Fleet's Galaxy Funds have instilled a sales culture that is deliberately independent from the firm's banking division, Mr. Ash said. "We're as cantankerous as you can be with bank executives."

In addition, Fleet's funds have established independent marketing alliances with several distributors outside the bank. Perhaps as a result, the funds have a low redemption rate, Mr. Ash said.

The longer that investors hold a fund, the less money portfolio managers need to keep on hand in case investors want to cash out. That means more of the fund's money can be invested, thereby improving performance, he said.

Banks have not traditionally sold their funds to retail customers other than depositors, but many are moving to do so. Summit Bank is looking to expand the marketing of its own funds, said Richard Mansfield, president and chief executive officer of Summit Financial Services.

To counteract the perception that bank funds are subpar, Summit is considering a branding campaign to specifically identify their funds with the bank, Mr. Mansfield said. The bank believes that customers may feel confident putting their money with a large institution such as Summit, he said.

Banks' efforts to mass-market funds have often been hampered by the banks' geographical focus, as well as by the fact that third-party marketers often view banks as direct competitors for selling retail funds, Mr. Mansfield said. Summit nonetheless has affiliations with 15 third-party marketers.

Kenneth Kehrer, principal of Kenneth Kehrer Associates in Princeton, N.J., said while many banks face a challenge in selling their funds to customers other than their depositors, some must also overcome the negative impressions of their own brokers for the funds.

Other brokers may not be aware of the substantial amount of extra profit that banks can make by selling their own funds, Mr. Kehrer said. Generally, for every $1 of profit from the sale of a third-party fund, a bank could make $2 by selling its own, he said.

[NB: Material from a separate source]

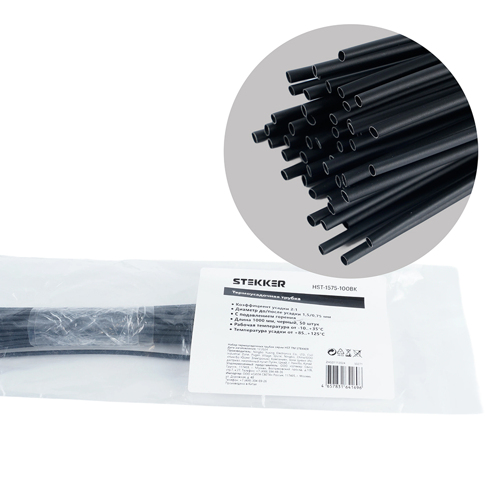 Термоусадочные трубки STEKKER HST-1575-100BK, длина 1000мм. 50шт. в наборе, цвет: черный. Коэффициент усадки 2:1, диапазон рабочих температур -10..+35°C, температура усадки +85..+125°C, номинальный ток 32А, для проводов сечением мм2.

Mr. Knopf said in many cases banks were late to start their funds, so some bank-affiliated brokers may not be pushing the sales of these funds as much as third-party funds.

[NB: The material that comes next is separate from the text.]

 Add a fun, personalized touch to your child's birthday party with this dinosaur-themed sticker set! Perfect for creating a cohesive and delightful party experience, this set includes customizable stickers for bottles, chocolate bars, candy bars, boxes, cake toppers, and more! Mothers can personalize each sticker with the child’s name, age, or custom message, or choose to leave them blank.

Banks also vary widely in how well they sell their own funds, and there is some dispute as to how hard they should push their own funds. Until recently, Mr. Ash said, roughly 80% of the funds sold through Fleet branches were the bank's own Galaxy funds.

The company later intentionally reduced that number to around 50%, because it wanted customers to diversify their financial assets as much as possible, Mr. Ash said. Galaxy funds now make up between 44% and 55% of Fleet's sales.

For Bank One and First Union, proprietary funds make up 30% to 40% of their investment product sales, Mr. Kehrer said. However, proprietary funds at Summit, Compass Bancshares of Birmingham, Ala., and M&T Bank Corp. of Buffalo hover between 5% and 10% of their fund sales, he said.